NEW YORK (JTA) — Moviegoers who head this weekend to the AMC Magic Johnson Harlem 9 for the opening of “42” will see the story of how Jackie Robinson displayed legendary courage, class and talent in the face of immense pressure and racial hatred as he broke down baseball’s color barrier.
Less well known is Robinson’s role in a controversy that erupted just a few blocks away, at Harlem’s most famous theater, and underscored his commitment to fighting all bigotry, including prejudice emanating from his own community.
It was 1962, a decade-and-a-half after Robinson first took the field for the Brooklyn Dodgers and just a few years after he retired. Day after day, an angry crowd marched outside Harlem’s legendary Apollo Theater protesting against its Jewish owner, Frank Schiffman, and his plan to open a low-cost restaurant with prices that potentially would threaten the business of a more expensive black-owned eatery.
The demonstrators carried anti-Semitic posters and hurled racial epithets, reportedly denouncing Schiffman as a Shylock who wanted to extract a pound of flesh from the black community.
Schiffman turned to several black leaders for help, but despite the increasingly hostile acts of anti-Semitism that were taking place, they all remained silent — except for Robinson.
“I was ashamed to see community leaders who were afraid to speak out when blacks were guilty of anti-Semitism,” Robinson wrote in his 1972 autobiography, “I Never Had It Made. “How could we stand against anti-black prejudice if we were willing to practice or condone a similar intolerance?”
Never one to back down from a cause he believed in, Robinson used his syndicated newspaper column to condemn the protesters’ blatant use of anti-Semitism and compared their actions to events that had occurred in Nazi Germany, drawing the ire of many black nationalists in the process.
The nationalists, who had adopted a separatist agenda, retaliated by protesting in front of a nearby Chock Full O’ Nuts coffee shop — Robinson had worked for the chain after his 1957 retirement from baseball — and outside a dinner honoring Robinson’s induction into the Baseball Hall of Fame.
In turn, several mainstream black leaders — including Roy Wilkins, the longtime leader of the NAACP — quickly came to the defense of Robinson and Schiffman.
“In their fight for equal opportunity, Negroes cannot use the slimy tools of anti-Semitism or indulge in racism, the very tactics against which we cry out,” Wilkins wrote in a telegram to Robinson. “We join you in your straight statement that this is a matter of principle from which there can be no retreat.”
Other leaders, including the Rev. Martin Luther King Jr. and Philadelphia Tribune publisher Dr. E. Washington Rhodes, also offered their support, according to Robinson.

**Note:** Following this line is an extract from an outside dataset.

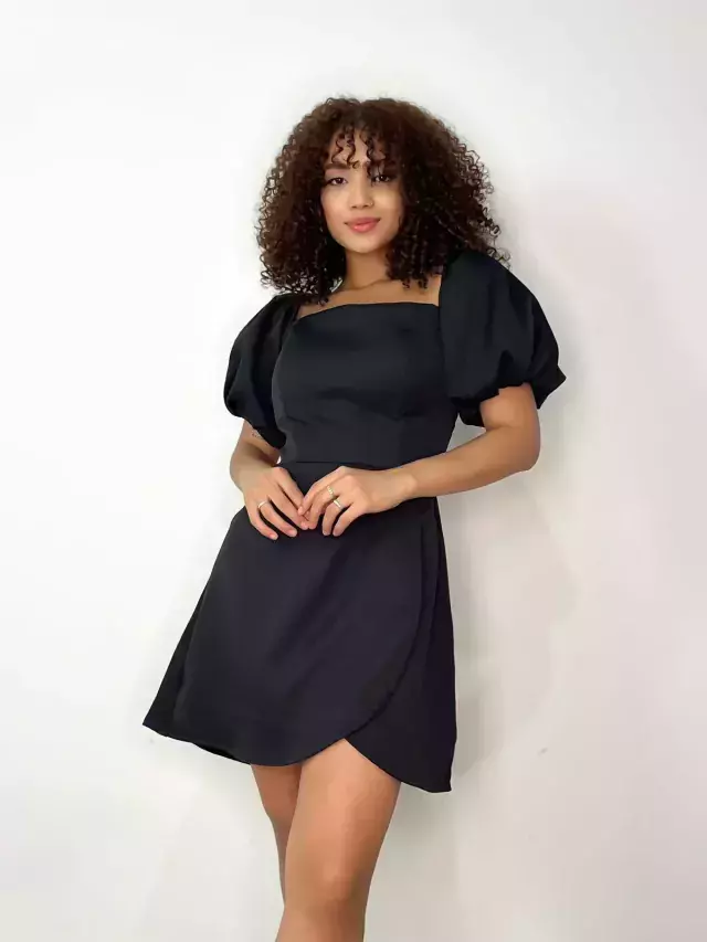 Vestido Feminino Curto em Alfaiataria Manga Princesa Transpassado Lorena Ref. 1341

Major League Baseball’s first black player also managed to pry a condemnation of anti-Semitism from Lewis Micheaux, the owner of Harlem’s National Memorial African Book Store, though Micheaux had sympathized with the marchers and denounced Robinson’s initial criticisms.
Soon after, the protests ceased.
Some Jewish communal officials have noted that Robinson’s strong stance during the 1962 Apollo incident stood in stark contrast to the silence from black leaders during the 1995 protests outside Freddy’s clothing store on 125th Street.

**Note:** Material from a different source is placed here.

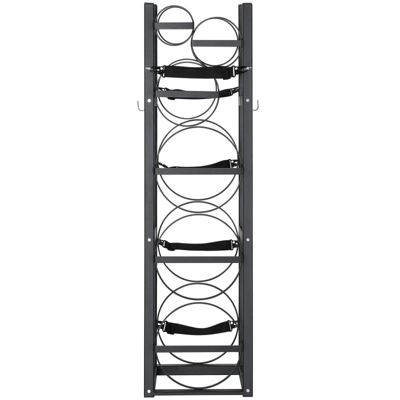 Kolmitasoinen sylinteriteline mitoiltaan 325 x 330 x 1197 mm / 12.79 x 12.99 x 47.12 tuumaa. Kestävästä hiiliteräksestä valmistettu teline tarjoaa vahvan kantokyvyn. Mukana tulevien asennustarvikkeiden ansiosta asennus on vaivaton, ja teline sopii hyvin esimerkiksi kaasupullojen varastoihin tai ajoneuvoihin.

For months, large crowds gathered in front of the Harlem store to protest the efforts of its Jewish owner, Fred Harari, to expand into an adjacent storefront that was occupied by a black-owned business.
The condemnations came only after one protester, Roland Smith Jr., shot and killed seven store employees before burning down the building and taking his own life.
Robinson was always quick to criticize anti-Semitism in the black community, according to Stephen Norwood, a professor at the University of Oklahoma who co-wrote a scholarly article on Robinson’s relationship with Jews.
In a 1997 interview timed to the 50th anniversary of Robinson’s integration of baseball, Norwood pointed out that Robinson was the first to condemn and call for the removal of a Congress of Racial Equality official in 1966 after he shouted at a group of Jews, “Hitler made a mistake when he didn’t kill enough of you.”
While raising funds for the NAACP and bail money for imprisoned civil-rights marchers, Norwood said, Robinson witnessed the valuable contributions that Jews were making to the black community’s struggle. When Robinson took part in the legendary march on Washington and stood by King in Birmingham, Ala., he saw that some Jews also were placing their bodies on the line for civil-rights causes.
According to Norwood, when black nationalism emerged as a powerful force during the 1960s, Robinson rejected its separatist agenda and continued to include Jews in his major efforts to economically empower the black community with the Freedom National Bank and the Jackie Robinson Construction Company.
Roger Kahn, whose “Boys of Summer” chronicled Robinson and his teammates’ multi-year road to winning the World Series in 1955, would write later that Robinson’s actions during the Apollo protests should not have come as a surprise.
“He hated anti-Semitism just as he hated prejudice against blacks,” Kahn wrote. “Without qualification and from the gut.”
(This piece was adapted from an article that first appeared in The Jewish Exponent.)